Accompanying the conference presentation came a press release from the European Society for Paediatric Endocrinology titled, “Excessive smartphone screen time linked to earlier puberty onset."
This press release does all the heavy lifting not in the actual research, starting with the flat-out incorrect headline before linking blue light exposure to smartphone use, and then presenting the unproven hypothesis that smartphone use at night inhibits sleep by disrupting melatonin release. Finally, the press release draws a connection between melatonin and puberty onset, ultimately allowing for the ultimate speculation:
“In recent years, several studies have reported increases in early puberty onset for girls, particularly during the COVID-19 pandemic,” the press release from the European Society for Paediatric Endocrinology stated. “The link between blue light exposure and reduced melatonin levels suggests that increased screen time, such as during the pandemic restrictions, may be playing a role in this reported increase.”
A direct quote from one of the researchers involved in the study does caution the findings are only in rat models. So there is no direct presumption from the researchers that their findings conclude blue light exposure hastens puberty in human children. But, the researchers also seem very clear about what their findings are gesturing towards, ultimately recommending parents of young children should be careful about exposing their kids to blue light.
“As this a rat study, we can’t be sure that these findings would be replicated in children but these data suggest that blue light exposure could be considered as a risk factor for earlier puberty onset,” said Aylin Kilinç Uğurlu, one of the researchers working on the project. “Although not conclusive, we would advise that the use of blue light emitting devices should be minimized in pre-pubertal children, especially in the evening when exposure may have the most hormone-altering effects.”
Pete Etchells, a professor of science and science communication at Bath Spa University, said this kind of research should be very carefully covered in the media, if covered at all.
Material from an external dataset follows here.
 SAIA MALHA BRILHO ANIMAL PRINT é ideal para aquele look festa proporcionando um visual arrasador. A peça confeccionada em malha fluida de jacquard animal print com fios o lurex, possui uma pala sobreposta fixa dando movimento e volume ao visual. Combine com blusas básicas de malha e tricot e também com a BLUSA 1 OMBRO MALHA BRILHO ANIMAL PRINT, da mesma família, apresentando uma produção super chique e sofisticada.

“Unpublished and unreviewed research should be heavily caveated in the media, if it is going to be covered at all,” said Etchells. “Unfortunately, the press release here does not do a particularly good job of representing the underlying science.”
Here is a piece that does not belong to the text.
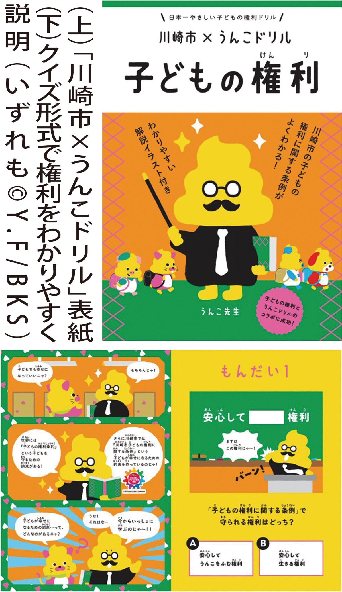 子どもたちに大人気の「うんこドリル」の川崎特別版となる『川崎市×うんこドリル 子どもの権利』が完成した。市制100周年を記念し、川崎市が全国で初めて条例化した「子どもの権利」について、おなじみの「うんこ先生」が解説している。市はこのドリルを使ったワークショップのマニュアルも作成し、ドリルとセットでの活用を呼び掛けている。

This saga is a perfect example of the problems and perils in modern science communication. The dirty little secret in science journalism today is that, much like most areas of journalism, it's driven by press releases. And when those press releases dramatically stretch research findings beyond the basic science it is easy for some journalists to succumb to hyperbole and misunderstandings.
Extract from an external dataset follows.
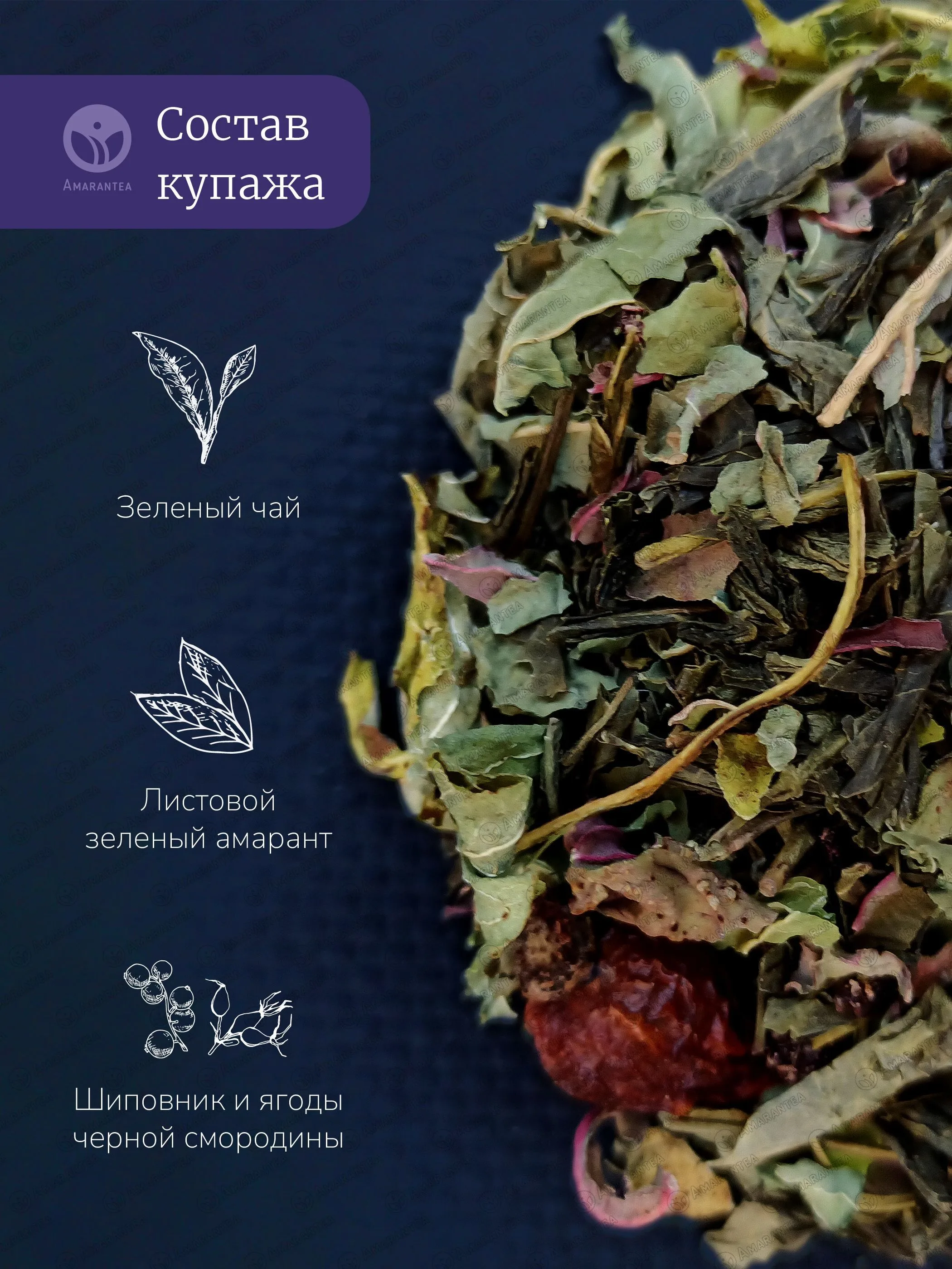 | Состав | Чай зеленый листовой, амарант зеленый, шиповник, ягоды черной смородины |

There is nothing inherently unusual, or improper, in reporting unpublished findings announced in the context of a scientific conference. What is unusual here is that such a small, unremarkable study has been amplified and misrepresented to such a large degree.
“I am surprised this is raised, as an unpublished abstract from a small conference, rather than once it is a published paper,” noted Stuart Pierson, an expert in circadian neuroscience from the University of Oxford. “Without attending the meeting or seeing the data I cannot accurately judge the science, but from the available information in the abstract, it would be overclaiming to say these findings have any significant relevance to humans, their screen use and puberty.”
While journalists who uncritically regurgitate inaccurate statements from press releases are certainly part of the problem, so are the communicators who write the original media releases and the scientists who explicitly deliver the speculative soundbites knowingly designed to misrepresent their core findings.
Here, a truly extraordinary press release from the European Society for Paediatric Endocrinology has framed a small animal study into a discovery that feeds into the popular, yet unproven, notion that smartphone or tablet screen time is damaging our children. And regardless of how balanced an outlet’s article on this research ends up, the headlines that frantically circulate social media have already done their job.